» Work instruction
Nothing but the lines from the one with "Colourful Mardi Gras" through the end of the data should be set down, each exactly as written, and no picture should be included.

» Information shown
[Start of Attachment]
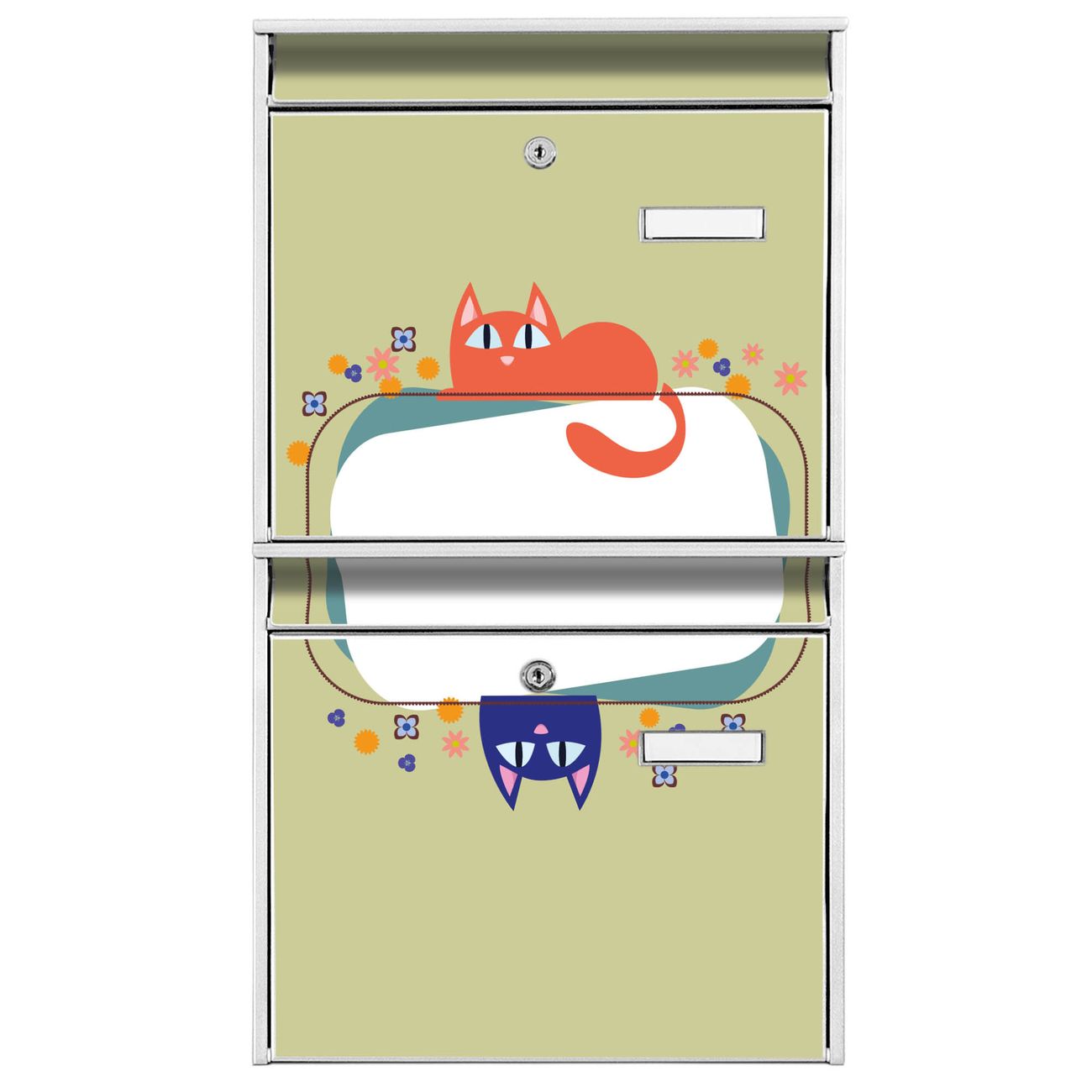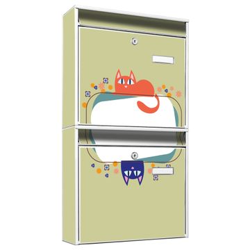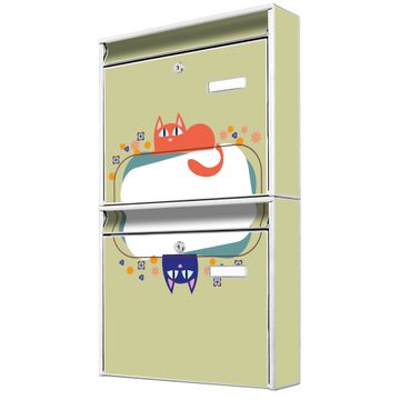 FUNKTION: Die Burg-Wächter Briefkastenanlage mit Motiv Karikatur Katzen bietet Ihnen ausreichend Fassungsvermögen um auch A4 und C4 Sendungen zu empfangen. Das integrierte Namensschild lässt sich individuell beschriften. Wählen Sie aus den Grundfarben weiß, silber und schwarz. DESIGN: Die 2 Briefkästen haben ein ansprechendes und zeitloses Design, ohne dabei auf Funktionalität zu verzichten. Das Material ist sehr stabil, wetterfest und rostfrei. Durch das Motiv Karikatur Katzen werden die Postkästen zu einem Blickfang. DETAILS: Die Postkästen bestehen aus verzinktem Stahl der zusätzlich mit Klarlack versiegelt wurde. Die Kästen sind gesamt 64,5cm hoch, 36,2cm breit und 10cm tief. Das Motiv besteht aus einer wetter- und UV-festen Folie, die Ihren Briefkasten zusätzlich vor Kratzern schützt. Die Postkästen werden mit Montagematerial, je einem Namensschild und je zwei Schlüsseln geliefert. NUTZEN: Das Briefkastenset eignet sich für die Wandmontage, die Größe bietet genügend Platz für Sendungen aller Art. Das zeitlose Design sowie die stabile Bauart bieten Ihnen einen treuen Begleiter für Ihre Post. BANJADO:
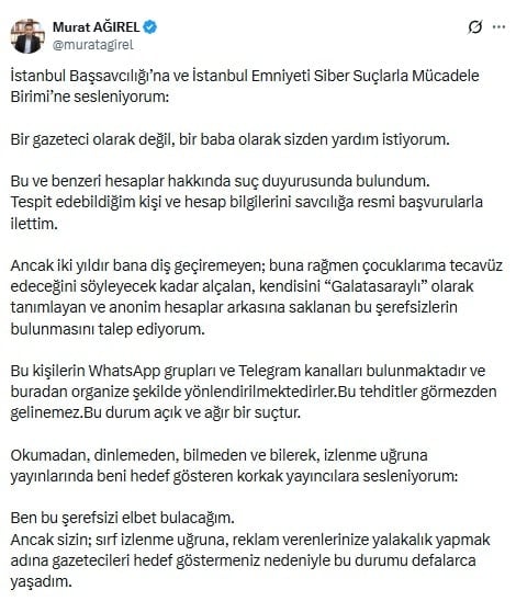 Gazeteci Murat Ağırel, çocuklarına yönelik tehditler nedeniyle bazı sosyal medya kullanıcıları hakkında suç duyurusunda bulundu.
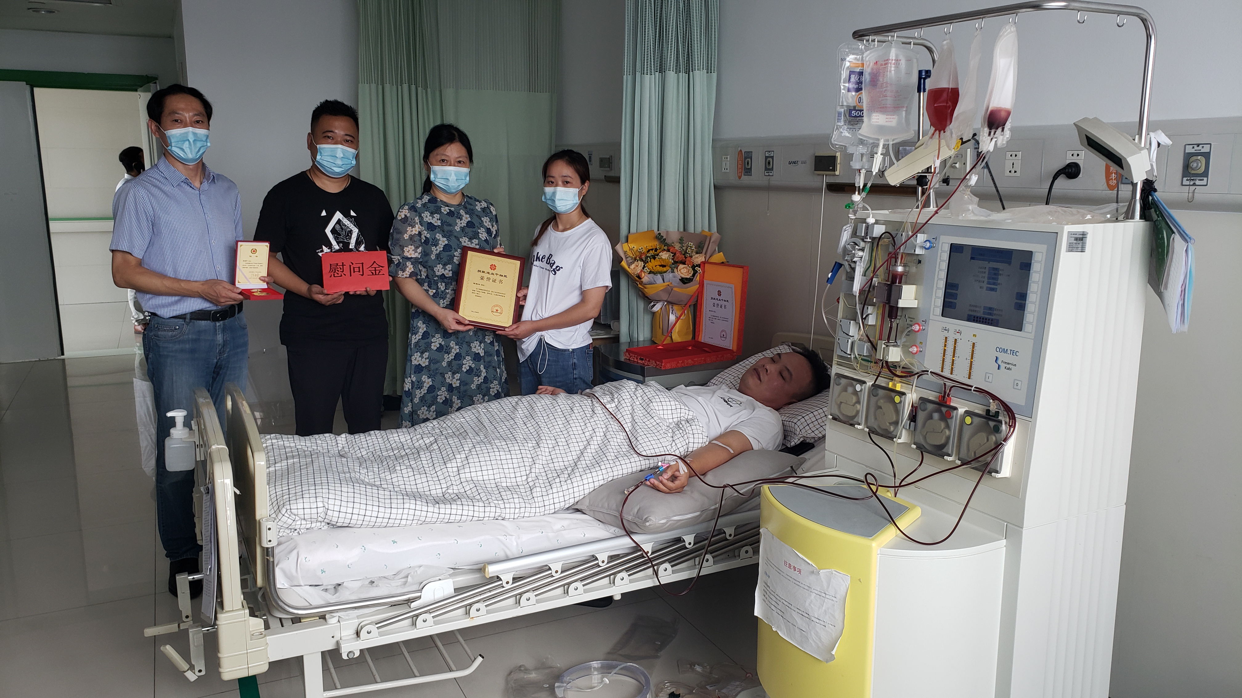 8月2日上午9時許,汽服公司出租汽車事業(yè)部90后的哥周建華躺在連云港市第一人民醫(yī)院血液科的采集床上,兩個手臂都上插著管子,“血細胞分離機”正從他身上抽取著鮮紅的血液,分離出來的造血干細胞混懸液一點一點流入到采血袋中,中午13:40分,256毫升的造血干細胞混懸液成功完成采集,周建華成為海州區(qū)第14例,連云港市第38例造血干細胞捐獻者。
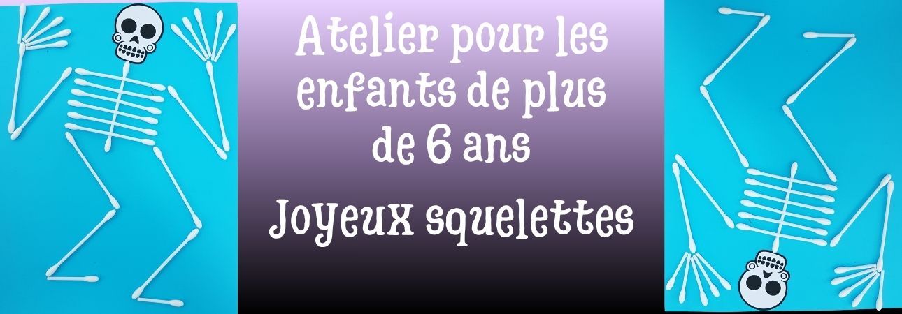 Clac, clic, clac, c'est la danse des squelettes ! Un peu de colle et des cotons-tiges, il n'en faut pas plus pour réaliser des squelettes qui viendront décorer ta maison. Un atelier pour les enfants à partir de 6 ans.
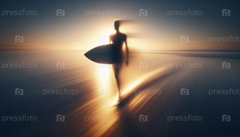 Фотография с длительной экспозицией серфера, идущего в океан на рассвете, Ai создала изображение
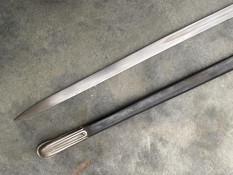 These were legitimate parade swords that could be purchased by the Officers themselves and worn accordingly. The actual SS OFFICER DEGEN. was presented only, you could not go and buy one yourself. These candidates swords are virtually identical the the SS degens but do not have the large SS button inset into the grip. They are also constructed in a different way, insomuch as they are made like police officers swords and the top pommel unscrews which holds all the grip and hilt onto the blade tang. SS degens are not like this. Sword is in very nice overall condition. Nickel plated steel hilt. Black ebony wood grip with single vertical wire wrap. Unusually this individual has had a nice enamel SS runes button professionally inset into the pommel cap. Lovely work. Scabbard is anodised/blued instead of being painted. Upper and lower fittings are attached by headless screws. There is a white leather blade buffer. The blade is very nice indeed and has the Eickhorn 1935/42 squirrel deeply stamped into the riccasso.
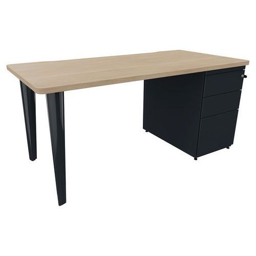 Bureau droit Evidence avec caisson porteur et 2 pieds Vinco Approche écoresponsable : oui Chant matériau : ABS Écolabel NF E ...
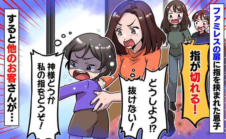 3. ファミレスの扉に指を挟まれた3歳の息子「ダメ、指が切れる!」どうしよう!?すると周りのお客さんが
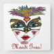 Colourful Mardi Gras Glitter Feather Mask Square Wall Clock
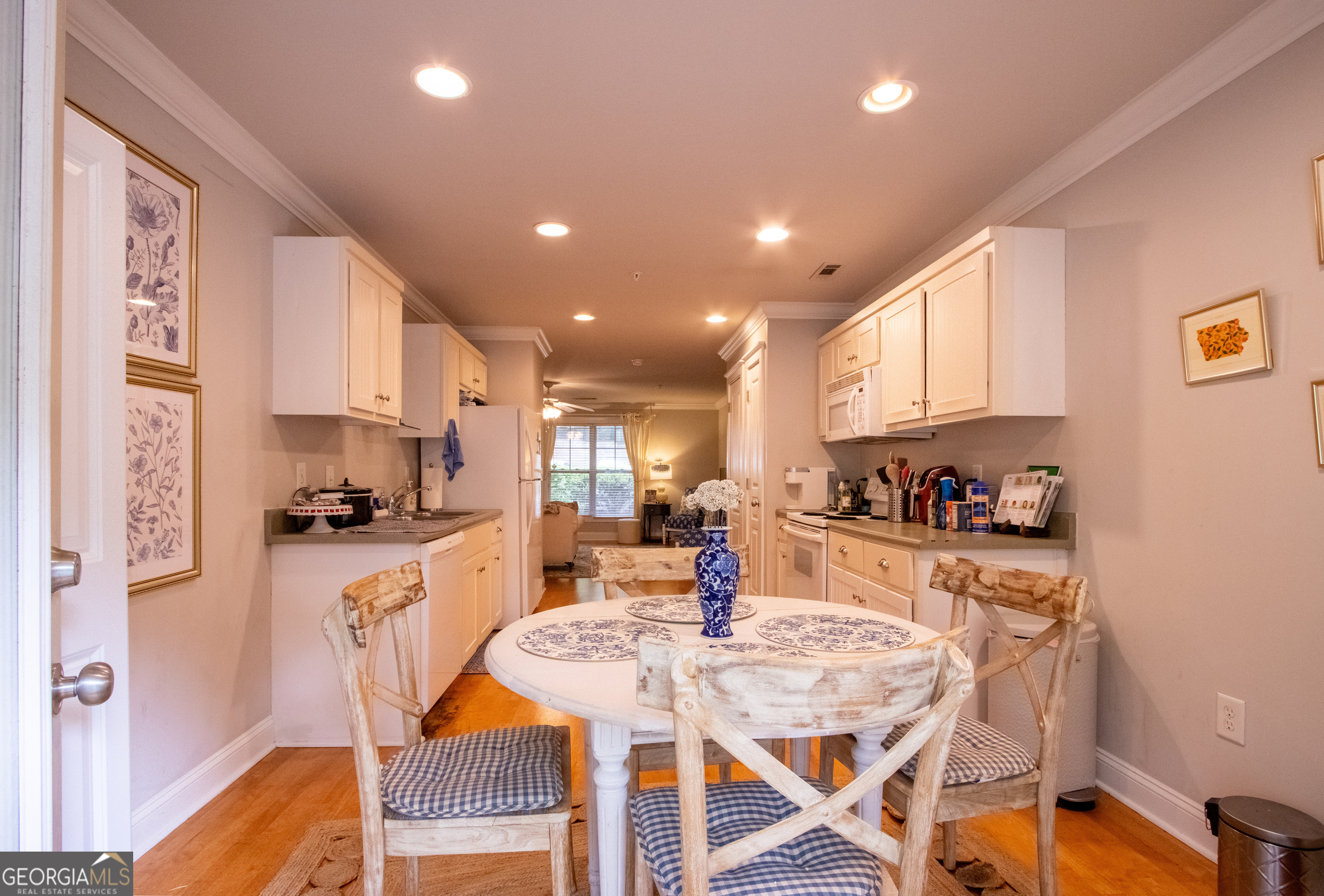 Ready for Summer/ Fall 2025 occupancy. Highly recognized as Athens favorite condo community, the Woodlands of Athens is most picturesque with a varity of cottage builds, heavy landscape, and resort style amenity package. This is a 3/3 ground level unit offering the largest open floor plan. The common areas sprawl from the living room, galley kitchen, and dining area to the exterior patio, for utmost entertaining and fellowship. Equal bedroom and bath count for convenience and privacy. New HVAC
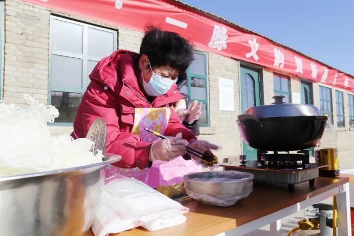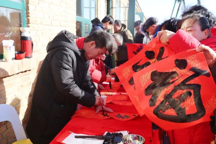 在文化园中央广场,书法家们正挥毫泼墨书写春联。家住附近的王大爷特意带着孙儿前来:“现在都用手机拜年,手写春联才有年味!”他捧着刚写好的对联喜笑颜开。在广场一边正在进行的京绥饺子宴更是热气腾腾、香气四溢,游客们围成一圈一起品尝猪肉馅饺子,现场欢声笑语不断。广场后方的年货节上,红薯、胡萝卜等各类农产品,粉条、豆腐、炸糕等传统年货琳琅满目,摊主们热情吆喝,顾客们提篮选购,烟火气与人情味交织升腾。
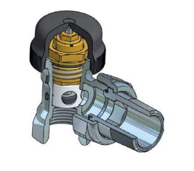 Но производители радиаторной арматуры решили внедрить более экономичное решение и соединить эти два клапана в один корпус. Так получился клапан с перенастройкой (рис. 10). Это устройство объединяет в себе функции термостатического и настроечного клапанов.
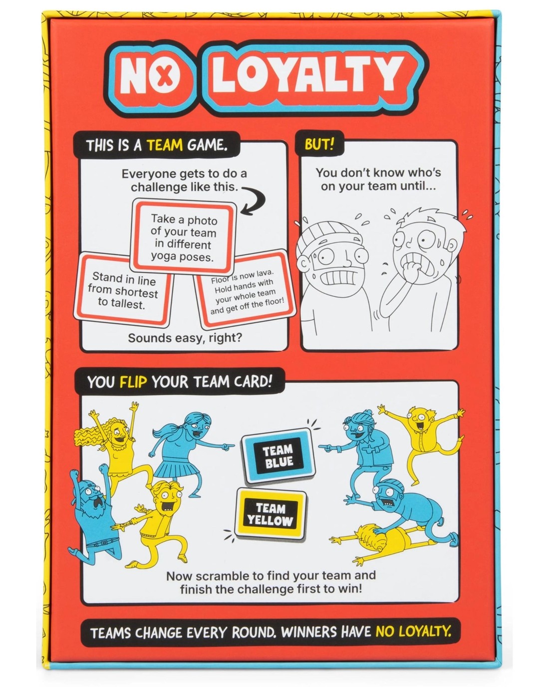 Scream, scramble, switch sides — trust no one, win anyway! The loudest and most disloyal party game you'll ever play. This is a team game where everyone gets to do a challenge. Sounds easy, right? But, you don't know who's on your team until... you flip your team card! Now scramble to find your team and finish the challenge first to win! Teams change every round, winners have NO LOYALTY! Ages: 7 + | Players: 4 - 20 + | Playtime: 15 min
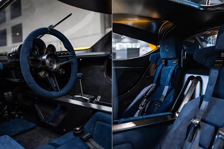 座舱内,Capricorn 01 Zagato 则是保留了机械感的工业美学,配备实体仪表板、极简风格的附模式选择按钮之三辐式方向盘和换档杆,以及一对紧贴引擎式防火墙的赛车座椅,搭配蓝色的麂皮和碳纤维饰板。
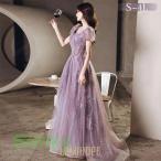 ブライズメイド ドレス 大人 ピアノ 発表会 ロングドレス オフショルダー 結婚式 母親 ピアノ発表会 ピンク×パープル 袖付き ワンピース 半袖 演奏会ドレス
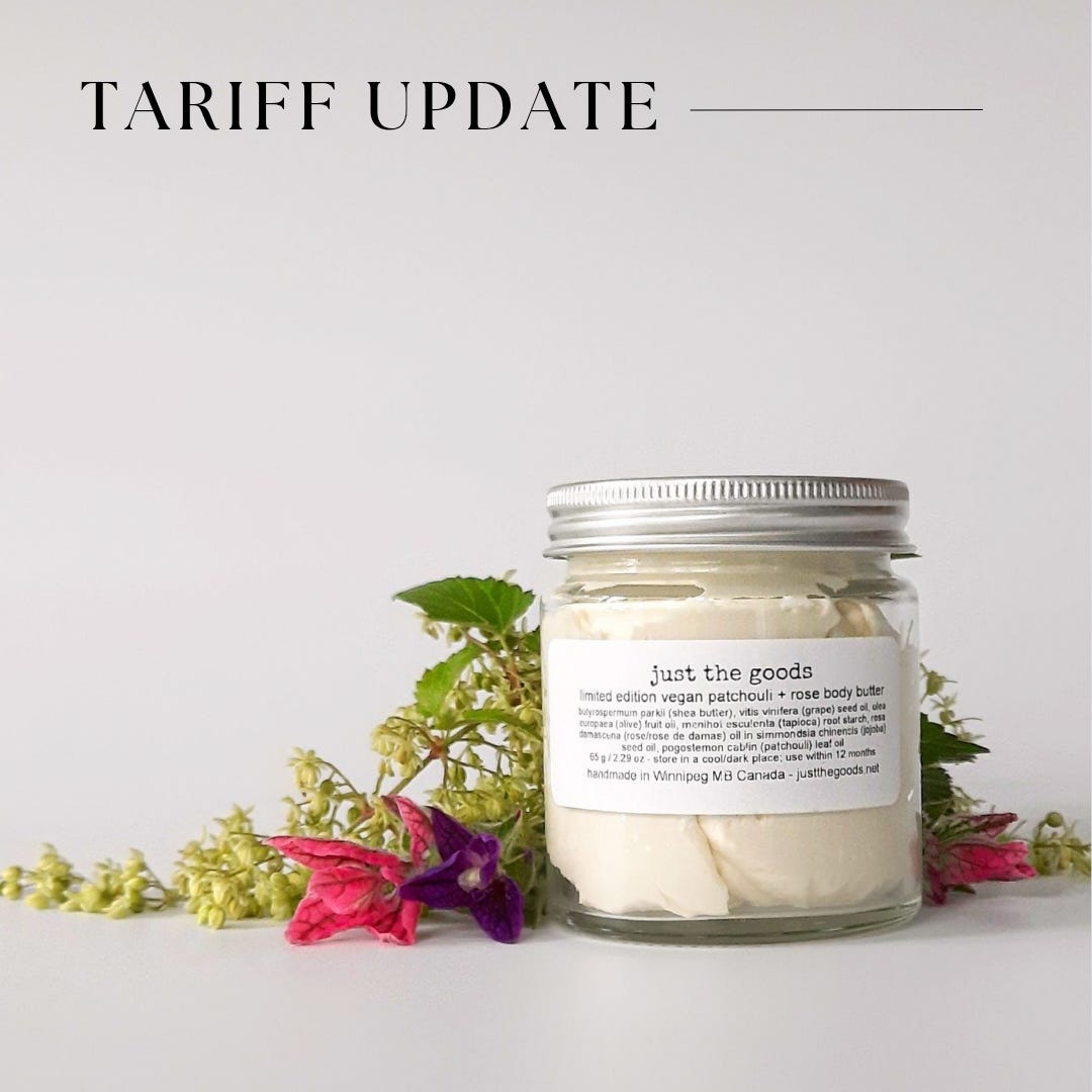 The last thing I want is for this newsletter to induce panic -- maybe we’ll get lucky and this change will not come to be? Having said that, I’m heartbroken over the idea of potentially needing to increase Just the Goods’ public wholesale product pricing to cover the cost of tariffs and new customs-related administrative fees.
[End of Attachment]
» Answer space
 Colourful Mardi Gras Glitter Feather Mask Square Wall Clock
 Ready for Summer/ Fall 2025 occupancy. Highly recognized as Athens favorite condo community, the Woodlands of Athens is most picturesque with a varity of cottage builds, heavy landscape, and resort style amenity package. This is a 3/3 ground level unit offering the largest open floor plan. The common areas sprawl from the living room, galley kitchen, and dining area to the exterior patio, for utmost entertaining and fellowship. Equal bedroom and bath count for convenience and privacy. New HVAC
 在文化园中央广场,书法家们正挥毫泼墨书写春联。家住附近的王大爷特意带着孙儿前来:“现在都用手机拜年,手写春联才有年味!”他捧着刚写好的对联喜笑颜开。在广场一边正在进行的京绥饺子宴更是热气腾腾、香气四溢,游客们围成一圈一起品尝猪肉馅饺子,现场欢声笑语不断。广场后方的年货节上,红薯、胡萝卜等各类农产品,粉条、豆腐、炸糕等传统年货琳琅满目,摊主们热情吆喝,顾客们提篮选购,烟火气与人情味交织升腾。
 Но производители радиаторной арматуры решили внедрить более экономичное решение и соединить эти два клапана в один корпус. Так получился клапан с перенастройкой (рис. 10). Это устройство объединяет в себе функции термостатического и настроечного клапанов.
 Scream, scramble, switch sides — trust no one, win anyway! The loudest and most disloyal party game you'll ever play. This is a team game where everyone gets to do a challenge. Sounds easy, right? But, you don't know who's on your team until... you flip your team card! Now scramble to find your team and finish the challenge first to win! Teams change every round, winners have NO LOYALTY! Ages: 7 + | Players: 4 - 20 + | Playtime: 15 min
 座舱内,Capricorn 01 Zagato 则是保留了机械感的工业美学,配备实体仪表板、极简风格的附模式选择按钮之三辐式方向盘和换档杆,以及一对紧贴引擎式防火墙的赛车座椅,搭配蓝色的麂皮和碳纤维饰板。
 ブライズメイド ドレス 大人 ピアノ 発表会 ロングドレス オフショルダー 結婚式 母親 ピアノ発表会 ピンク×パープル 袖付き ワンピース 半袖 演奏会ドレス
 The last thing I want is for this newsletter to induce panic -- maybe we’ll get lucky and this change will not come to be? Having said that, I’m heartbroken over the idea of potentially needing to increase Just the Goods’ public wholesale product pricing to cover the cost of tariffs and new customs-related administrative fees.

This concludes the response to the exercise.